Baby Garden

I’ve spent my previous two posts focusing on my beloved flowers, most of which are currently living in pots. If I just pop a few happily blooming flowers into a pot, voila–I have an instant mini-garden! There are few things more gratifying than maximum beauty for minimum labor.

The main garden, alas, is another affair. As in previous years, the space allotted for it rivals the gardens of my Amish neighbors.
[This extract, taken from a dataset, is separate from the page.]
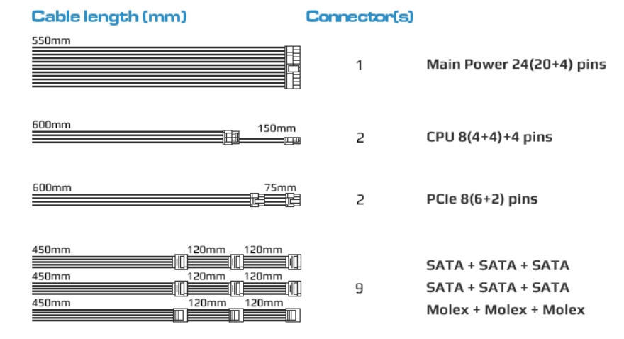 케이블 같은경우에는 메인보드 24핀 케이블을 제외한 나머지 케이블들이 플랫(Flat)타입인데, 조금 아쉬운 점은 케이블 출력구의 별도의 마감처리가 없습니다. 크게 신경 쓸 부분은 아니지만, 그래도 보급형 제품에서도 마감처리가 된 경우가 많기 때문에, 먼지 유입에 민감한 소비자라면 아쉬울 수도 있는 부분이라 생각됩니다. 전선 규격은 18AWG로 인텔 파워서플라이 가이드 표준에 맞게 사용되었고, 케이블 길이도 요즘 PC케이스에 맞춰서 나왔기 때문에 부족하지 않는 길이입니다.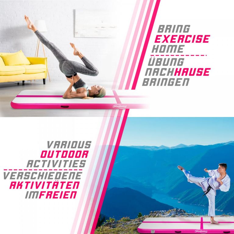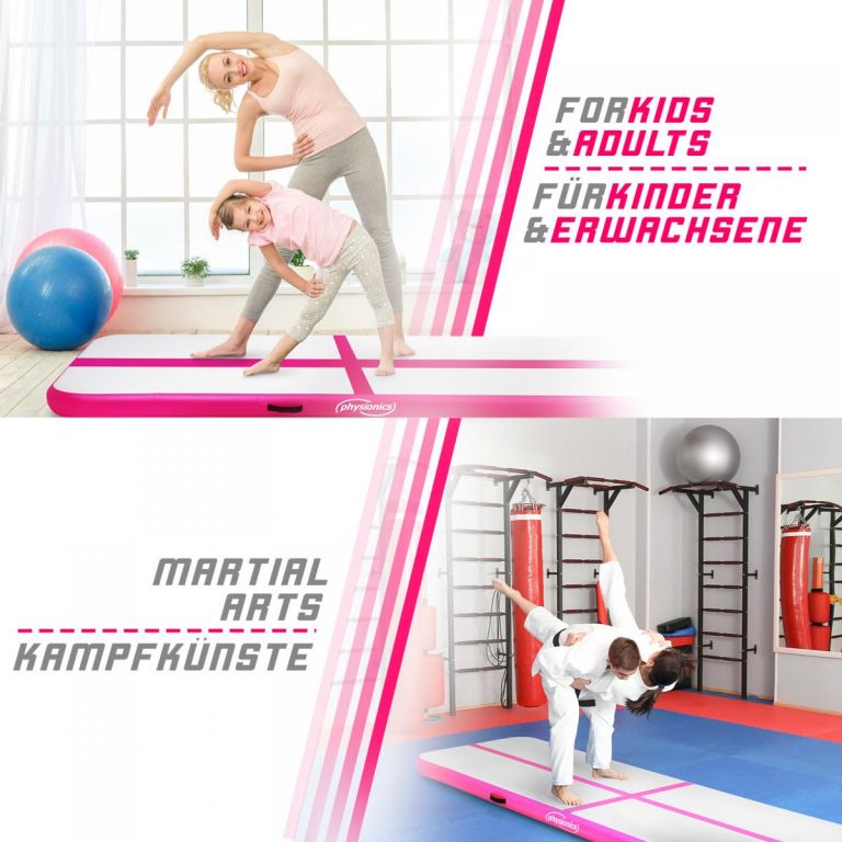 Physionics Airtrack nafukovací žíněnka, 8 m, růžová

However, unlike them, almost half of it is now given over to the Wild Garden, site of a Darwinian struggle for survival among many of the toughest plants on the block. (Comfrey, Jerusalem artichoke, lovage, tansy, and aronia are just a few of the contenders.)
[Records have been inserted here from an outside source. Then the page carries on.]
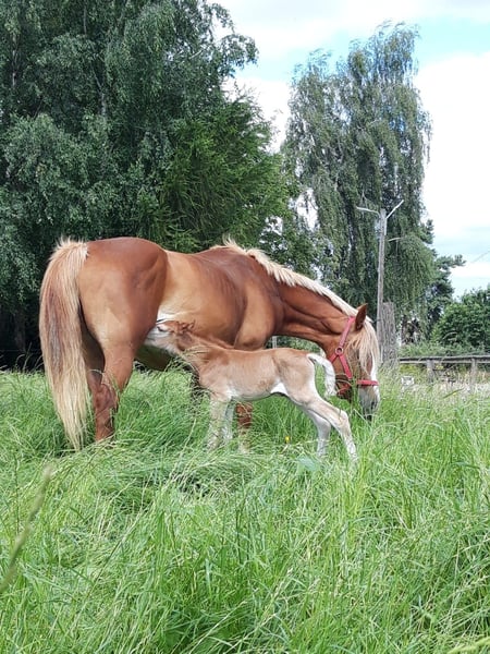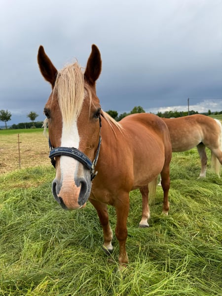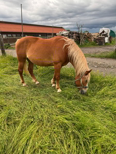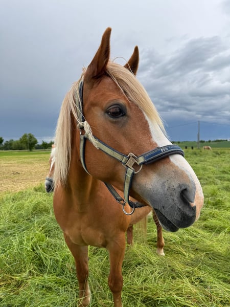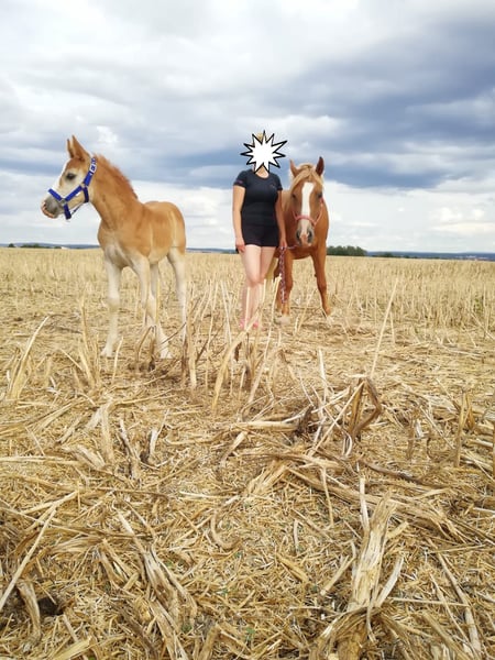 "Aronia" geb. 2014, Fuchsstute. Seit sie bei uns ist (2020) wurde sie regelmäßig Influenza und Tetanus geimpft und 2x jährlich entwurmt. Sie geht barfuß und ist schmiedefromm. Sie war 2x (2021 und 2024) zum Beritt im Reitstall Weber in Reinsdorf bei Zwickau. Bei uns lief sie im Reitunterricht. Im Umgang ist sie selbst von kleinen Kinder gut händelbar. An der Longe zeigt sie sich immer brav, und bringt sogar schon 3jährigen Kindern das 1x1 des Reitens bei. Beim Reiten auf dem Dressurviereck und im Gelände gestaltete sich das Reiten schwieriger. Das liegt allerdings nicht an ihrer Rittigkeit, sondern eher an ihrem zurückhaltendem Wesen. Sie ist rangniedrig und ängstlich anderen Pferden gegenüber. Wenn sie allein auf dem Platz ist, läuft sie problemlos in allen drei Gangarten. Daher möchte ich sie gern in Privathand verkaufen, wo sie, wenn möglich, höchstens noch 2 andere Pferde um sich hat. 2020 hatte sie schon einmal ein Fohlen. Sie ist eine sehr liebevolle Mutterstute und hat das Fohlen ganz allein auf der Koppel zur Welt gebracht. Der Umgang mit ihr und dem Fohlen war stets völlig problemlos, so das sie auch als Zuchtstute gut geeignet wäre. Das Stutfohlen, welches sie damals zur Welt brachte, hat einen wunderbaren Charakter und ist sehr gut händelbar. In kleiner Gruppe ist Geländereiten kein Problem, es darf ihr nur keiner zu nahe kommen. Dann wird sie unsicher und versucht auszubrechen. Ansonsten geht sie brav alle drei Gangarten, ist nicht faul und auch nicht ängstlich. Sie kennt Straßenverkehr, Traktoren und auch Hund in Begleitung. Wenn sie einen Reiter hat, an den sie sich gewöhnen kann, dann ist sie wunderbar zu reiten. Leider ist das im Schulbetrieb nicht möglich , daher ist sie hier nicht glücklich.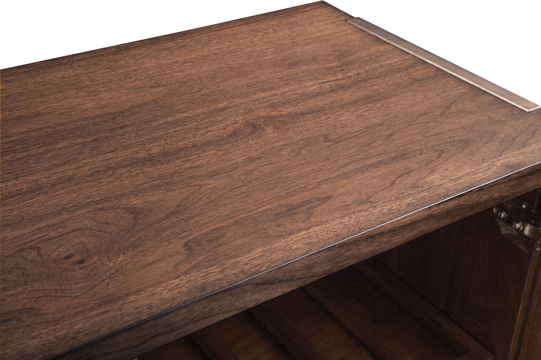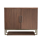 The Brooke Cabinet features slick, modern styling with mid-century elements. Inset brushed metal frames and supports the brown knotty wood, two door cabinet above the lower exterior shelf. The doors open with brushed metal bar pulls revealing two adjustable shelves, stemware and bottle storage.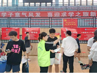 我院院长王彪和党总支副书记赵晓东十分关切报到现场的情况,关心师生的身体状况,细心调整降温冰块的位置。与前来咨询的新生家长亲切交谈,解决家长的疑虑,了解学生的家庭情况。有一位新生感慨道:“刚来到陌生的校园,心里还有些忐忑,但是看到这么热心的老师、学长学姐,瞬间就有了归属感。”党员们用实际行动践行着为人民服务的宗旨,让新生们感受到了学院的关怀和温暖。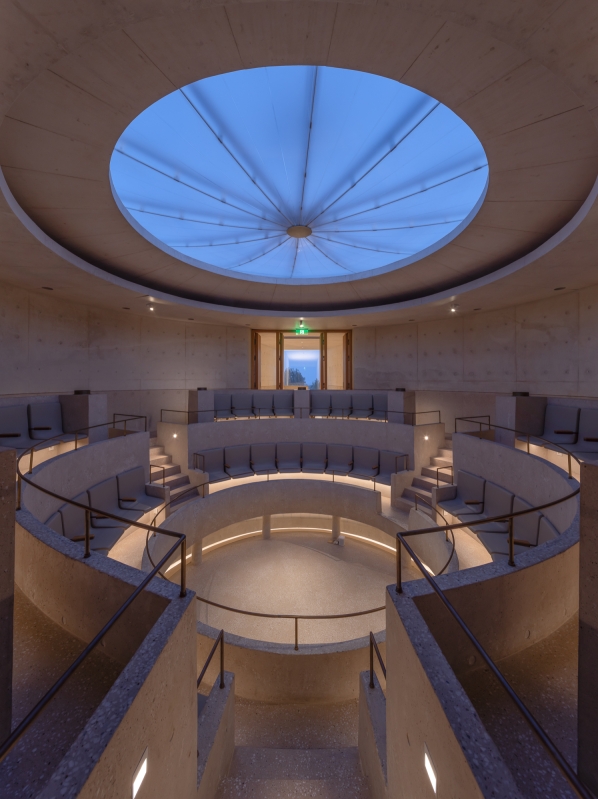 The lighting design ingeniously leverages sound propagation principles linked to "Divine Sound" to shape light paths, incorporating techniques such as light guiding, light concealment, light penetration, and light floating effect creation. Adding to this, the auditorium’s roof features a semi-transparent, liftable canopy with dual functions: it acts as an environmental regulator while serving as a floating landmark. When illuminated at night, the canopy glows as a striking visual focal point—masterfully integrating "Divine Sound", light, the auditorium itself, and the surrounding environment into a cohesive sensory experience.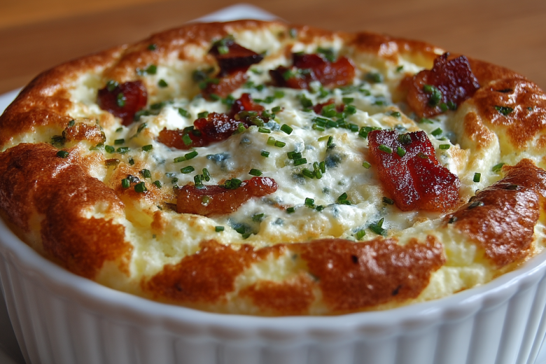 Это гениально простое и невероятно вкусное блюдо, идеальное для обеда или ужина. Получается обалденная вкуснятина: нежная, воздушная текстура, похожая на облако, с хрустящими кусочками бекона, расплавленным сыром и ароматом зелёного лука, которая буквально тает во рту.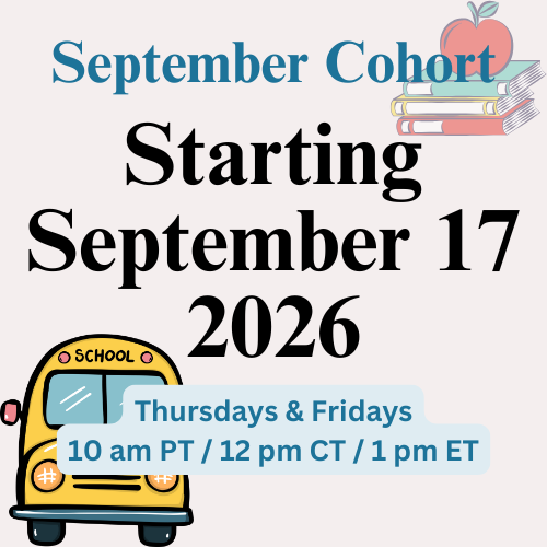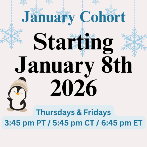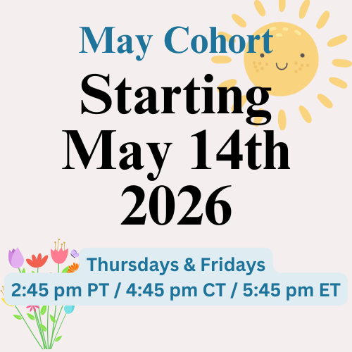 Your cohort lessons are cumulative (content builds) and will be on Thursdays and Fridays every week. (See cohort options above for schedule).Â

Despite the intense competition, the Wild Garden is already lush and vibrant.


A partial view of the Wild Garden, which I like to think of as a wildlife refuge

Unfortunately, the same can’t be said of the vegetable garden. After hours of planting, weeding, and mulching, it’s starting to resemble a garden. Kind of. But the plants are still puny, and my garden looks like its major crop is going to be dirt.




Two views of the baby garden

I’m hoping that when my baby vegetable garden becomes a teenager, it will look a little more like the Wild Garden. But not too much–I’d rather harvest my vegetables than forage for them.

Yes, I love my potted flowers. But the demanding, unruly garden has its charms as well.


One comment

  1. Cultivated or wild, both gardens are beautiful in their own way, sort of metaphor for life in general – ha!